Goodall believes that humans can form deep connections with animals, even just in a short period of time.
“[There’s] some kind of communication that goes on with animals, if we admit to it,” she said.
PROTECTING THE PLANET
As the climate crisis progresses, the urgency with which the world must respond has only continued to grow.
That’s why, even at 89, Goodall continues to travel the world 300 days a year, to remind audiences the planet is worth fighting for.
“After people come to my lecture, they so often come up to me and say, ‘I’d given up, but now I promise I’ll do my bit,’” said Goodall.
The overarching theme of Goodall’s lectures is simple --- hope.
“Without hope, we fall into apathy and do nothing and then we’re doomed,” she said. “We know what we need to do, we have the tools to do it. Do we have the will?”
Goodall encourages people to do something every day to do their part to help the environment, whether it’s just turning lights off or moving toward a plant-based diet.
“There’s a terrible effect on the environment of feeding all these billions of animals in factory farms, which are, in addition, horrendously cruel,” she said.
KEEPING THE HOPE ALIVE
In 1974, Goodall faced one of the most trying times in her life.
A student came to her early one morning to inform Goodall that four others had been kidnapped by Congolese rebels.

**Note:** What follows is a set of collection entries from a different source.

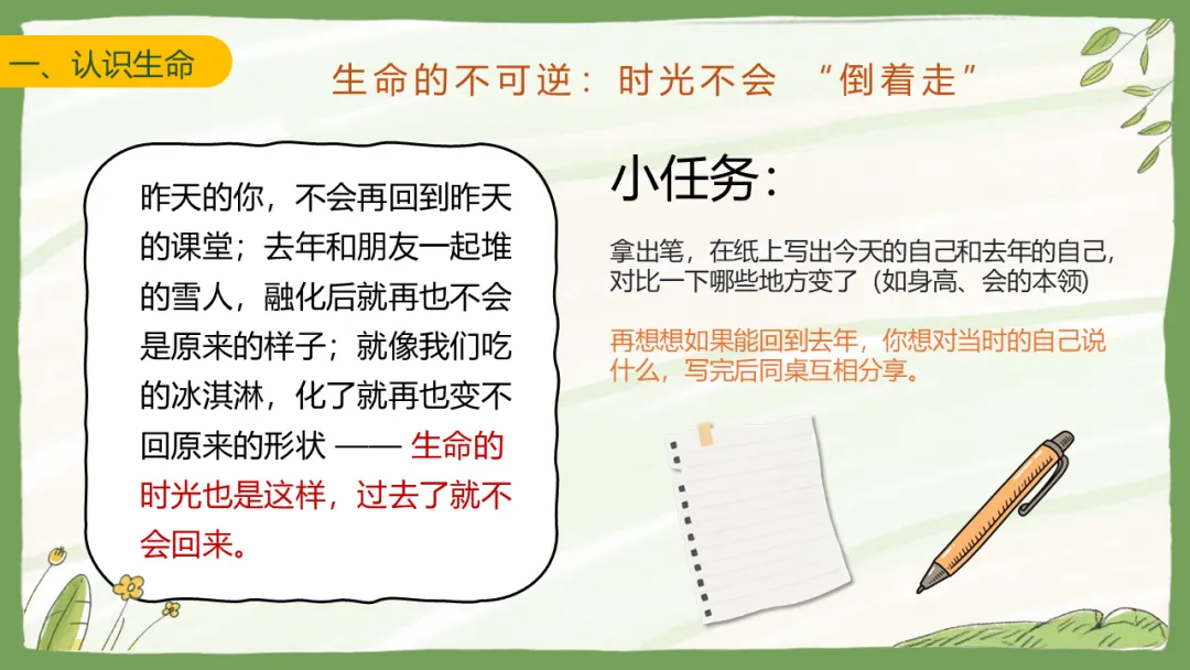 而且,生命还有一个特点:它不会倒着走。去年的你和现在的你,长高了,懂事了,可能也多了一些烦恼。如果能回到去年,你想对那个自己说什么?是“你真棒”,还是“别怕,一切都会过去”?
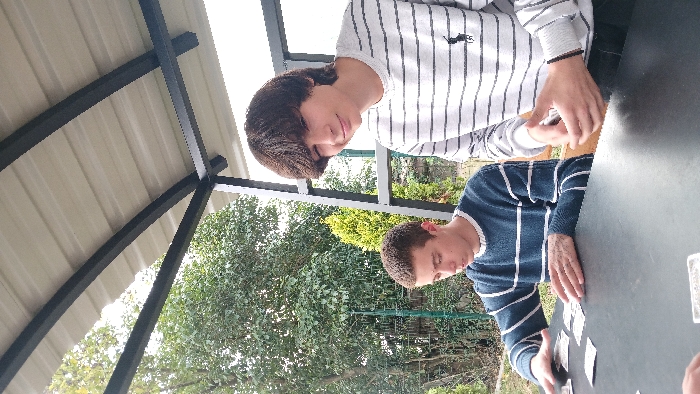 The image captures an outdoor scene featuring two young males and evidence of a third individual engaged in a card game
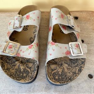 New in the box, never worn, very comfortable, cork sole, can’t be dressed up or down.

As a result, people stopped giving money to the park and “all the money for Gambe dried up.”
In order to save the park and preserve her research, Goodall travelled across the United States essentially begging for funds to help keep the project afloat.
“That was a very grim time because I knew Gambe had to go on,” said Goodall. “I could’ve given up and collapsed, and that would’ve been the end of Gambe.”
Now, the park has collected more than 60 years of chimpanzee research, giving a generational perspective to the mysterious animal.
“We’re studying different generations and we can see is this behaviour really handed down from mother and father to child, or is it due to some traumatic event in childhood?”
Goodall says her work would not be possible without the centuries of Indigenous stewardship to protect the land for future generations.
“Indigenous people have been the custodians, the guardians of the land for hundreds of years,” said Goodall. “They have this wisdom of making decisions based on how it will affect children and their children.”
Rather than destroying their environment, Goodall says Indigenous people “learned to live in harmony with it.” She hopes settlers will begin listening to Indigenous voices to learn how they can treat the land better.
She pointed to the harms of modern industrial farming, with herbicides, pesticides and artificial fertilizer killing the soil, harming diversity, and making humans sick.
“We need to move to regenerative farming and permaculture, small family farms, and it’s happening.”